▶ Exercise details: The response should consist only of the lines from the one with "مشخصات پردازنده Ryzen" to the end of the data below, copied exactly and without pictures.

▶ Data block:
--- START ---

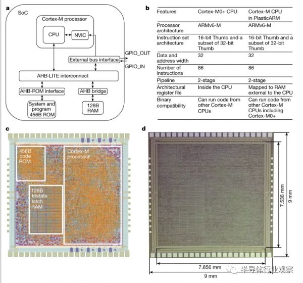 首先,该ARM处理器的完成度和复杂度非常高。它基于ARMv6-M架构外加两级流水线,可以直接跑兼容Cortex-M0的程序。在模块方面,它事实上是一个SoC,除了CPU之外,还包括了互联接口(AHB-Lite)、ROM和RAM。其等价逻辑门数高达18000,比前述的由上千个TFT组成的柔性集成电路的规模大了一个数量级。处理器的时钟频率可以达到29KHz,功耗则为21mW。
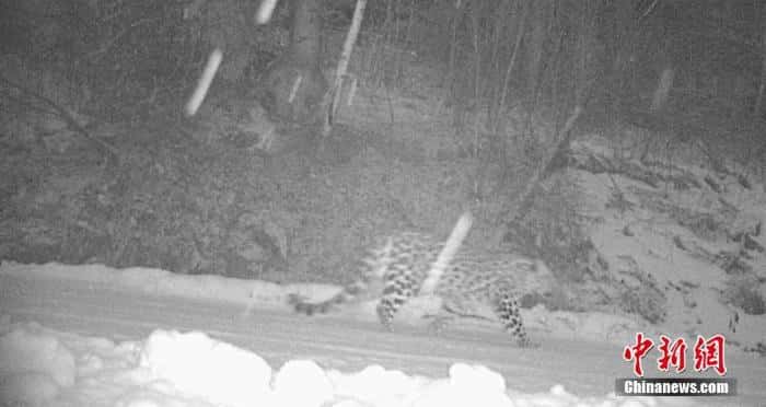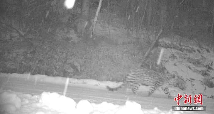 从2014年开始,黑龙江穆棱林区曾多次发现东北虎、东北豹的活动足迹和猎物现场,但此次拍摄到东北豹的活动影像前所未有。画面显示,在风雪交加的森林中,一只体形健硕的东北豹正步履匆匆地顺着保护区防火公路行走。(文/王天驰 杜继新 王琳 东北虎豹国家公园管理局穆棱局供图)
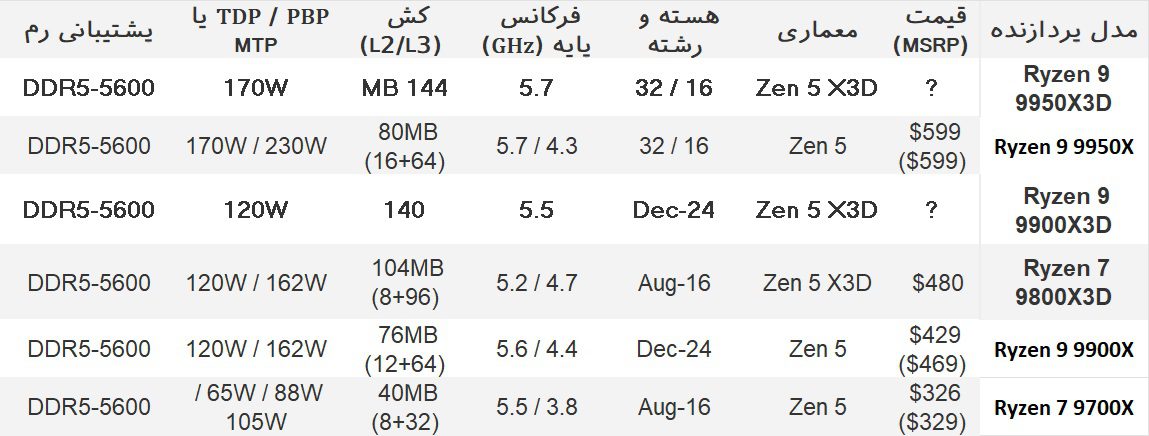 مشخصات پردازنده Ryzen 9 9950X3D و Ryzen 9 9900X3D
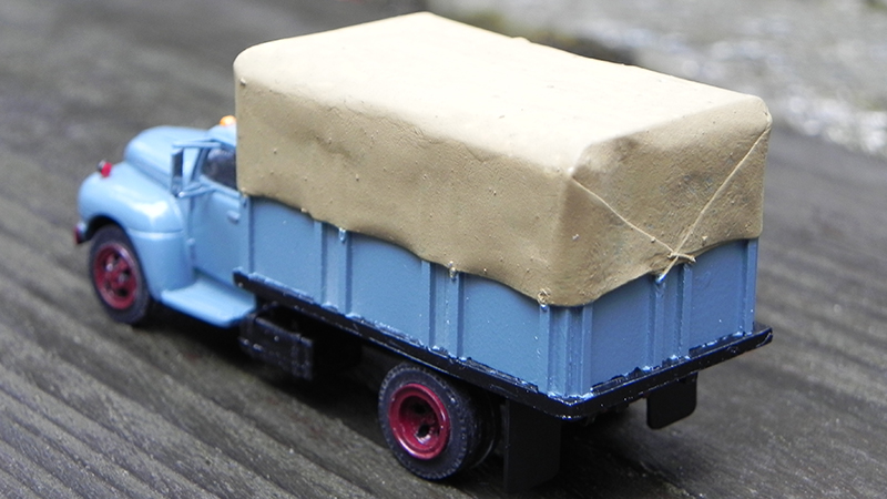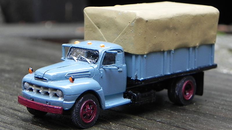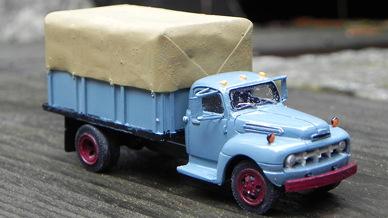 Here is a Sylvan Models '52 Ford F6 that Jim Groeneweg recently completed; this is an “out of the box build” for the most part, only drilling an axle hole and inserting metal axle for rolling wheels. Mud flaps, turn signals and mirrors were added and a coat of automotive authentic Alpine Blue for the main body along with Humbrol for the tarp.

--- END ---

▶ Output for this task:
 مشخصات پردازنده Ryzen 9 9950X3D و Ryzen 9 9900X3D
 Here is a Sylvan Models '52 Ford F6 that Jim Groeneweg recently completed; this is an “out of the box build” for the most part, only drilling an axle hole and inserting metal axle for rolling wheels. Mud flaps, turn signals and mirrors were added and a coat of automotive authentic Alpine Blue for the main body along with Humbrol for the tarp.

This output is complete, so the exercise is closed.